# Sermons Or "Bible Only" Preference



## Ryan&Amber2013 (Jun 14, 2021)

I didn't really know how to title this thread, but it's something that has been on my mind and I couldn't find many resources on the internet about the topic.

I have been around quite a few people recently that are of the mindset that because we have the Spirit of God, we don't have to regularly seek other people's interpretations of the Bible, but we mainly need to be in the scriptures ourselves and see how God is interpreting the Bible through his Spirit within us. So these people don't really read commentaries or listen to pastors' sermons. Instead, they go straight to the Bible and basically just bathe in it.
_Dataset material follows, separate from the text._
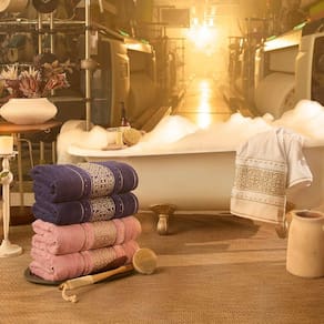 A hora do banho é o momento em que relaxamos e revigoramos nossas energias. Então, aproveite ao máximo esse momento e tenha em mãos a nossa toalha La Vie com um toque macio. A barra com ornamentos em fios dourados é o grande destaque dessa peça. Além dos fios dourados, a barra da Toalha La Vie é aveludada, produzindo um efeito de veludo criado por meio do tosquiamento das felpas. Na toalha La Vie, apresentamos o que há de melhor no mercado. Produzida com o melhor fio que existe, o fio 24 penteado e 100% Algodão, ela é o casamento perfeito para entregar o melhor na hora de se secar. Sua gramatura é de 450 gramas por metro quadrado e cada toalha de rosto pesa aproximadamente 200 gramas. O tamanho desta toalha é 50cm de largura por 80cm de comprimento. Possui o corpo inteiro da toalha em 100% Algodão (com exceção da barra decorativa), dando maior poder de absorção e maciez. Com a toalha La Vie, você deixa seu banheiro decorado e proporciona maior conforto para você e sua visita.

I study the Bible on a daily basis, and I have a solid spirit of discernment when it comes to theological matters, but it seems like my preference is to sit under godly preaching and regularly listen to sermons. I tend to get more out of sermons it seems then going straight to the Bible. Am I wrong for thinking this way? I definitely agree that I need to have personal first hand experience with the Bible, and I do read it on a daily basis, but I think I appreciate more so listening to a person who has in a sense mastered understanding the Bible, hearing how he can correctly teach how to apply it and understand it.

I guess I just don't want to have this sense of guilt for not always wanting to go straight to the Bible and bathing in it as if something supernatural is going to happen in helping me to understand it better. Honestly, I have studied the Bible very much but oftentimes I am very much confused in my understanding of it because of contextual differences, cultural differences, language differences, and other differences that make it difficult for common people to really feel competent with the book. The bible really is a very challenging book, and I think in our humbleness we can all admit that no matter how much we study it.
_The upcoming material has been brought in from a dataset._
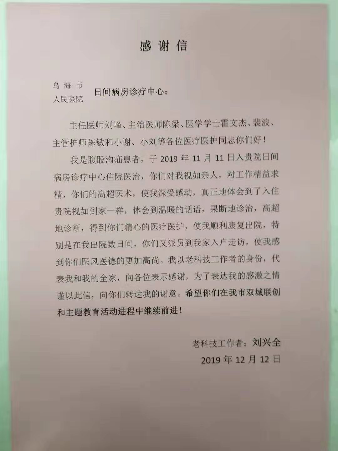 日间病房科收到患者来信

Reading the Bible for myself is very important, but I think I gain more from listening to sermons by sound preachers. Is this wrong?

Reactions: Like 1


----------



## Taylor (Jun 14, 2021)

This isn’t an either/or issue; it’s both/and. It’s just as simple as that. The Bible instructs us _both_ to hide God’s Word in our heart for ourselves, _and_ to give heed to the preaching of the Word given by shepherds called by him to do that very thing.

Reactions: Like 8


----------



## VictorBravo (Jun 14, 2021)

Preaching, and hearing of it, is fundamental to worship. It is not at all wrong, it is right.
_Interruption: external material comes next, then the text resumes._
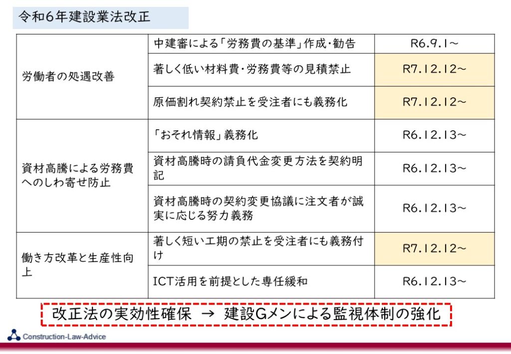 令和7年12月12日より令和6年建設業法改正が完全施行されます。

From your Confession, WCF, Chapter XXI "Of Religious Worship and the Sabbath-day.":

V. The reading of the Scriptures with godly fear, the sound preaching and conscionable hearing of the Word, in obedience unto God, with understanding, faith and reverence; singing of psalms with grace in the heart; as also, the due administration and worthy receiving of the sacraments instituted by Christ; are all parts of the ordinary religious worship of God: beside religious oaths, vows, solemn fastings, and thanksgivings, upon special occasions, which are, in their several times and seasons, to be used in a holy and religious manner.

We are all (at some point if not always) in the position of the Ethiopian eunuch:

"30 So Philip ran to him, and heard him reading the prophet Isaiah, and said, "Do you understand what you are reading?"
31 And he said, "How can I, unless someone guides me?" And he asked Philip to come up and sit with him."
(Acts 8:30-31 NKJ)

Reactions: Like 4


----------



## timfost (Jun 14, 2021)

"When you come, bring the cloak that I left with Carpus at Troas, also the books, and above all the parchments." (2Tim. 4:13)

Calvin:

"It is evident from this, that the Apostle had not given over reading, though he was already preparing for death. Where are those who think that they have made so great progress that they do not need any more exercise? Which of them will dare to compare himself with Paul? Still more does this expression refute the madness of those men who -- despising books, and condemning all reading -- boast of nothing but their own enthousiasmous divine inspirations. But let us know that this passage gives to all believers a recommendation of constant reading, that they may profit by it."

Reactions: Like 5


----------



## Ed Walsh (Jun 15, 2021)

Ryan&Amber2013 said:


> I study the Bible on a daily basis, and I have a solid spirit of discernment when it comes to theological matters, but it seems like my preference is to sit under godly preaching and regularly listen to sermons. I tend to get more out of sermons it seems then going straight to the Bible. Am I wrong for thinking this way? I definitely agree that I need to have personal first hand experience with the Bible, and I do read it on a daily basis, but I think I appreciate more so listening to a person who has in a sense mastered understanding the Bible, hearing how he can correctly teach how to apply it and understand it.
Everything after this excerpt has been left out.